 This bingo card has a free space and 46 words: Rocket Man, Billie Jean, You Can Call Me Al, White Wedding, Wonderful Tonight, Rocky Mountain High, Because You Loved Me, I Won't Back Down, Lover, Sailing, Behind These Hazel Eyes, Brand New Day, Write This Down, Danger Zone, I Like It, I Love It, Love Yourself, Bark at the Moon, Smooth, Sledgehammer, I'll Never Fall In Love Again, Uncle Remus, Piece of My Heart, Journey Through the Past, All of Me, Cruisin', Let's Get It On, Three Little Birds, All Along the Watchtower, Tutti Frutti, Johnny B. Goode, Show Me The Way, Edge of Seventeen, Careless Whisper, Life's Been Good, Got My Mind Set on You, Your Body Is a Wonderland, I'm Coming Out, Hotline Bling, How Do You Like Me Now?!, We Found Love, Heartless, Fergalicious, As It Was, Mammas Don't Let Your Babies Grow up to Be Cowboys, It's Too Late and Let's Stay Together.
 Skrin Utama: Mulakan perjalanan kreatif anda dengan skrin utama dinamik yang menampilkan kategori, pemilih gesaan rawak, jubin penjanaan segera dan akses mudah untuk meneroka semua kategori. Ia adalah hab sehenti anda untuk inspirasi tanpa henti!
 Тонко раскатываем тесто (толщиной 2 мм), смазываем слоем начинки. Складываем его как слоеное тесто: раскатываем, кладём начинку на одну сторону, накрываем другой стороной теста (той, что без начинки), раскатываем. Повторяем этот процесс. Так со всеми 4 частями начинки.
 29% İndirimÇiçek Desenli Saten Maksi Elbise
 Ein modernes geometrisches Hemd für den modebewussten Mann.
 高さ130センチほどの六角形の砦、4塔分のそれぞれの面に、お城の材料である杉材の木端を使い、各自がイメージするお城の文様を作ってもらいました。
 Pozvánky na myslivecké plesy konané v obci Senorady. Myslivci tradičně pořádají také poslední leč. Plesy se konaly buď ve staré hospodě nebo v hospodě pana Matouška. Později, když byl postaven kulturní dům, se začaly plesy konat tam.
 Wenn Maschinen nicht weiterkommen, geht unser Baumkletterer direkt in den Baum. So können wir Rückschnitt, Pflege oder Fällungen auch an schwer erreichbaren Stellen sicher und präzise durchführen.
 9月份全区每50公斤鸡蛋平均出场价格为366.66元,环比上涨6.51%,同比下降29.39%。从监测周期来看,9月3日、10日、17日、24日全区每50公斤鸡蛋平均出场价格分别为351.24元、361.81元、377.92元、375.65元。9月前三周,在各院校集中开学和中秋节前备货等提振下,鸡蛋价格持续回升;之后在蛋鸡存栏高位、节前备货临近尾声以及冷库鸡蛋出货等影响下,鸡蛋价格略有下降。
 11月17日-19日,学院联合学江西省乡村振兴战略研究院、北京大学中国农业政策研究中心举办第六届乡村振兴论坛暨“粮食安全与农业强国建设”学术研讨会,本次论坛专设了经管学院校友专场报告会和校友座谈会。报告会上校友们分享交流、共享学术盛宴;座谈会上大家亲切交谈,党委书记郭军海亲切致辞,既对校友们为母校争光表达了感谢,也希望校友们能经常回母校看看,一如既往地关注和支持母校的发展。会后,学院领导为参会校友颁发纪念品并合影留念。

Task instructions: Output the records exactly, so that each line matches what was given.

Output for this exercise:
 This bingo card has a free space and 46 words: Rocket Man, Billie Jean, You Can Call Me Al, White Wedding, Wonderful Tonight, Rocky Mountain High, Because You Loved Me, I Won't Back Down, Lover, Sailing, Behind These Hazel Eyes, Brand New Day, Write This Down, Danger Zone, I Like It, I Love It, Love Yourself, Bark at the Moon, Smooth, Sledgehammer, I'll Never Fall In Love Again, Uncle Remus, Piece of My Heart, Journey Through the Past, All of Me, Cruisin', Let's Get It On, Three Little Birds, All Along the Watchtower, Tutti Frutti, Johnny B. Goode, Show Me The Way, Edge of Seventeen, Careless Whisper, Life's Been Good, Got My Mind Set on You, Your Body Is a Wonderland, I'm Coming Out, Hotline Bling, How Do You Like Me Now?!, We Found Love, Heartless, Fergalicious, As It Was, Mammas Don't Let Your Babies Grow up to Be Cowboys, It's Too Late and Let's Stay Together.
 Skrin Utama: Mulakan perjalanan kreatif anda dengan skrin utama dinamik yang menampilkan kategori, pemilih gesaan rawak, jubin penjanaan segera dan akses mudah untuk meneroka semua kategori. Ia adalah hab sehenti anda untuk inspirasi tanpa henti!
 Тонко раскатываем тесто (толщиной 2 мм), смазываем слоем начинки. Складываем его как слоеное тесто: раскатываем, кладём начинку на одну сторону, накрываем другой стороной теста (той, что без начинки), раскатываем. Повторяем этот процесс. Так со всеми 4 частями начинки.
 29% İndirimÇiçek Desenli Saten Maksi Elbise
 Ein modernes geometrisches Hemd für den modebewussten Mann.
 高さ130センチほどの六角形の砦、4塔分のそれぞれの面に、お城の材料である杉材の木端を使い、各自がイメージするお城の文様を作ってもらいました。
 Pozvánky na myslivecké plesy konané v obci Senorady. Myslivci tradičně pořádají také poslední leč. Plesy se konaly buď ve staré hospodě nebo v hospodě pana Matouška. Později, když byl postaven kulturní dům, se začaly plesy konat tam.
 Wenn Maschinen nicht weiterkommen, geht unser Baumkletterer direkt in den Baum. So können wir Rückschnitt, Pflege oder Fällungen auch an schwer erreichbaren Stellen sicher und präzise durchführen.
 9月份全区每50公斤鸡蛋平均出场价格为366.66元,环比上涨6.51%,同比下降29.39%。从监测周期来看,9月3日、10日、17日、24日全区每50公斤鸡蛋平均出场价格分别为351.24元、361.81元、377.92元、375.65元。9月前三周,在各院校集中开学和中秋节前备货等提振下,鸡蛋价格持续回升;之后在蛋鸡存栏高位、节前备货临近尾声以及冷库鸡蛋出货等影响下,鸡蛋价格略有下降。
 11月17日-19日,学院联合学江西省乡村振兴战略研究院、北京大学中国农业政策研究中心举办第六届乡村振兴论坛暨“粮食安全与农业强国建设”学术研讨会,本次论坛专设了经管学院校友专场报告会和校友座谈会。报告会上校友们分享交流、共享学术盛宴;座谈会上大家亲切交谈,党委书记郭军海亲切致辞,既对校友们为母校争光表达了感谢,也希望校友们能经常回母校看看,一如既往地关注和支持母校的发展。会后,学院领导为参会校友颁发纪念品并合影留念。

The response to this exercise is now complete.